On 23 January 2024, Mr Morrison announced his departure from Parliament “… and that he would be taking up a series of global strategic advisory roles and private boards, focussed on the US and Indo-Pacific, drawing on his experience and networks in the region, in particular through AUKUS and the Quad…”.

The private boards he is joining are American Global Strategies, and DYNE Ventures which has also employed Mike Pompeo as a strategic advisor. In a 26 January statement, DYNE Ventures openly boasted that it was Mr Morrison’s role as architect of AUKUS from which the company expects to profit:

“Having the actual architect of the agreement is a huge show of strength for the alliance; this is bigger than any one country or any one firm”, DYNE founder Tom Hennessey said. “AUKUS’ Pillar II is about leveraging the strengths of each participant and utilizing the best of private markets to catalyze advanced capabilities in the Indo-Pacific for the public good. We’re honored to have Mr. Morrison aboard so we can fully capitalize on innovation across geographies and do our part to bring critical technologies to market.” (Emphasis added.)

The Australian government has a statement of ministerial standards which acknowledges the impropriety of a minister joining a private firm that profits from an area of the minister’s portfolio responsibility; the statement restricts ministers from lobbying in an area of their portfolio responsibility for 18 months.

Since losing government on 21 May 2022, Mr Morrison waited 20 months to resign from Parliament to pursue personal business opportunities related to AUKUS.
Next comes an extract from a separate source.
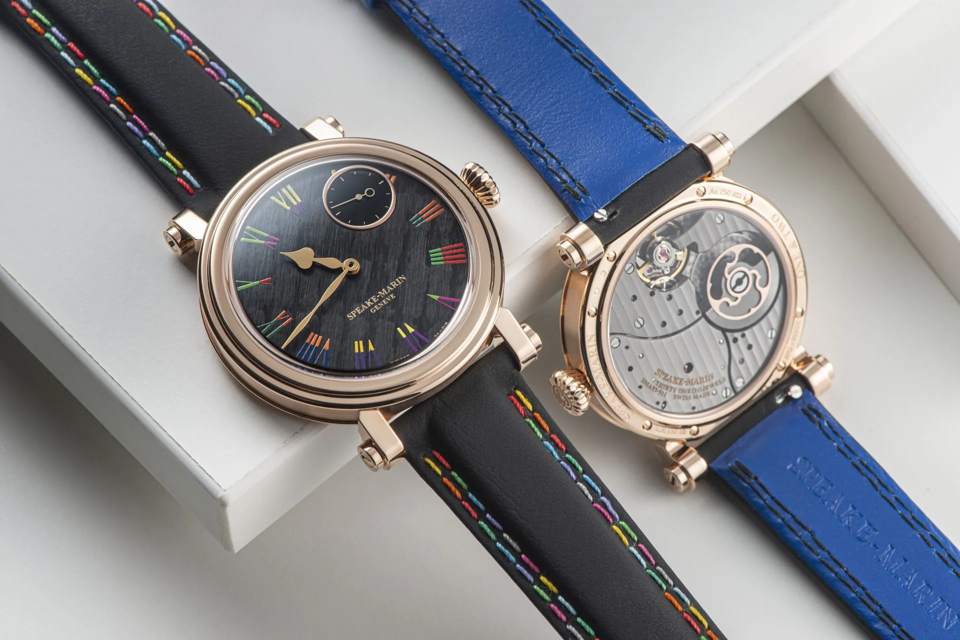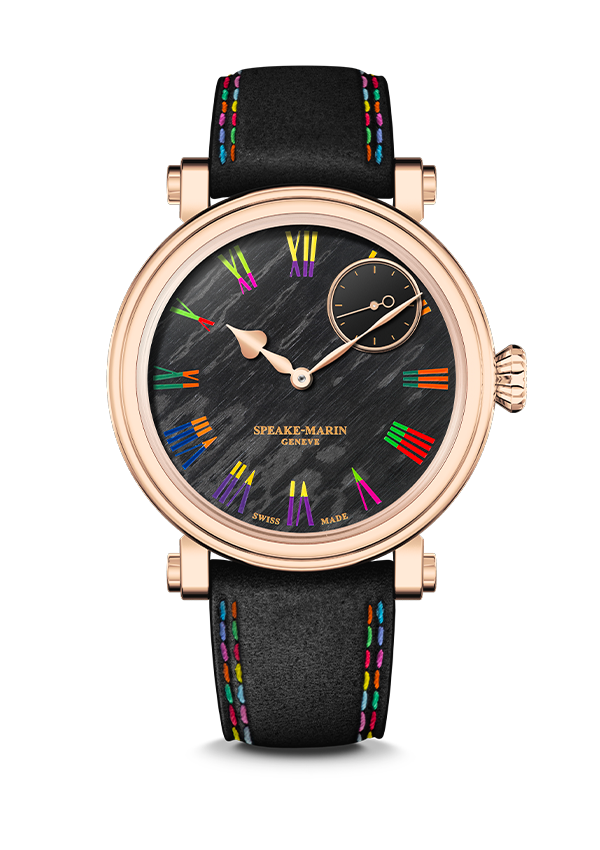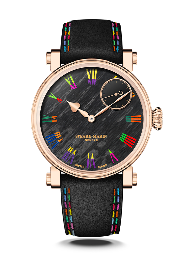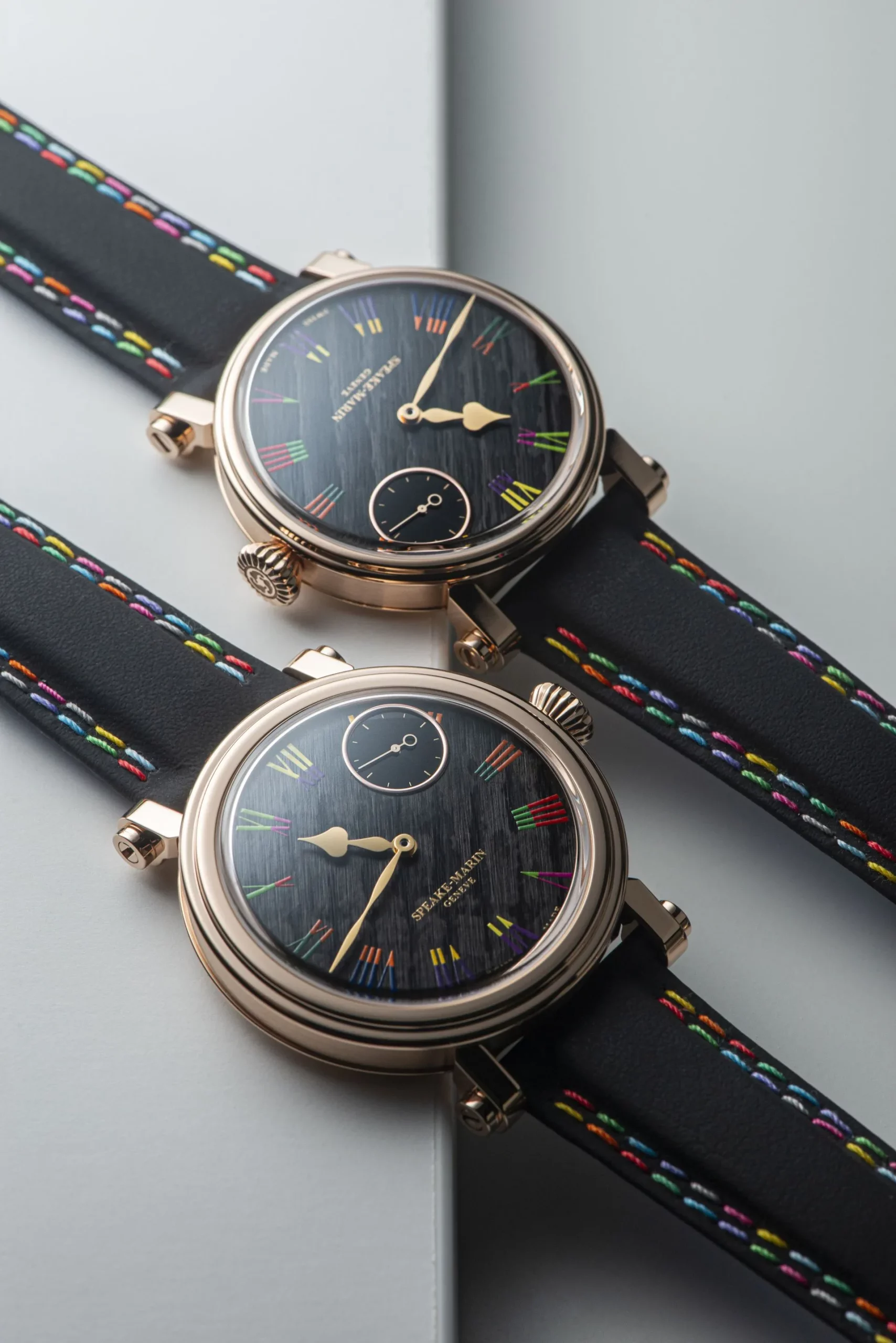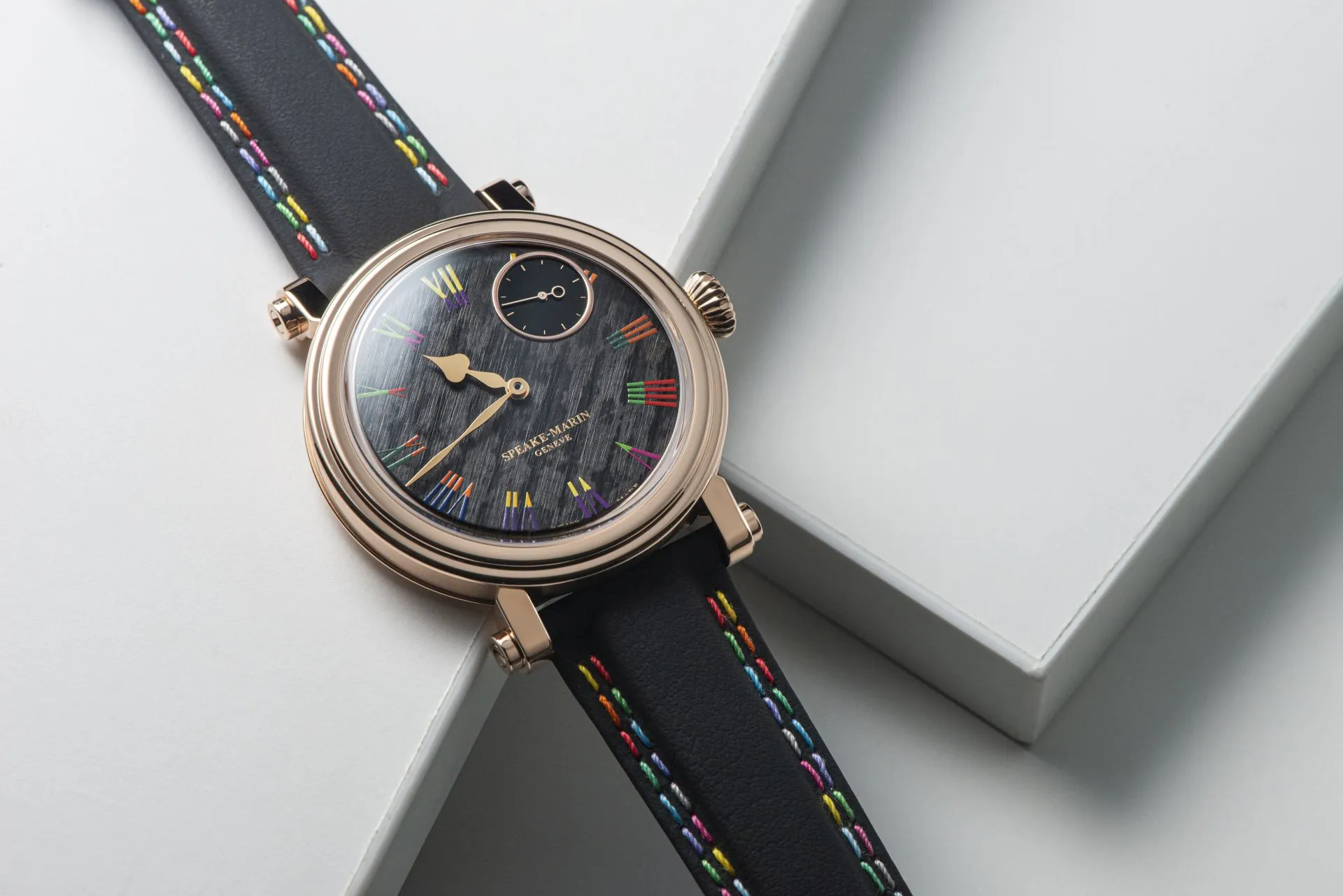 The new Speake Marin Tutti-Frutti is limited to just 10 pieces and comes attached to a black cowhide strap with double multi-colored stitching.

While his decision accords with the existing ministerial standards, that is more a reflection of the weakness of the standards than evidence of Mr Morrison’s ethics; as weak as they are, the standards exist because of the potential for ministers to improperly, and potentially corruptly, profit from their former portfolio responsibilities.

End of excerpt.

Robert Barwick explained: “The ACP is referring Mr Morrison to the NACC because it’s one thing that we believe he has endangered Australia’s national security by escalating military tensions in the Asia-Pacific, but it’s another thing entirely that he is climbing aboard the AUKUS gravy train to personally cash in on his policy.

“This sort of corruption is too common in Australia, but both sides of politics do it, so nobody does anything about it.

“However, in this case, it is too shameless, and the stakes are too high—his agenda pushed us towards war with China! So, the ACP is asking the NACC to investigate Morrison and his buddy Mike Pompeo, and whether their current private business arrangements may have in any way influenced their secret plot which put the Australian taxpayer on the hook for $368 billion that they and their cronies are tapping into post-government.”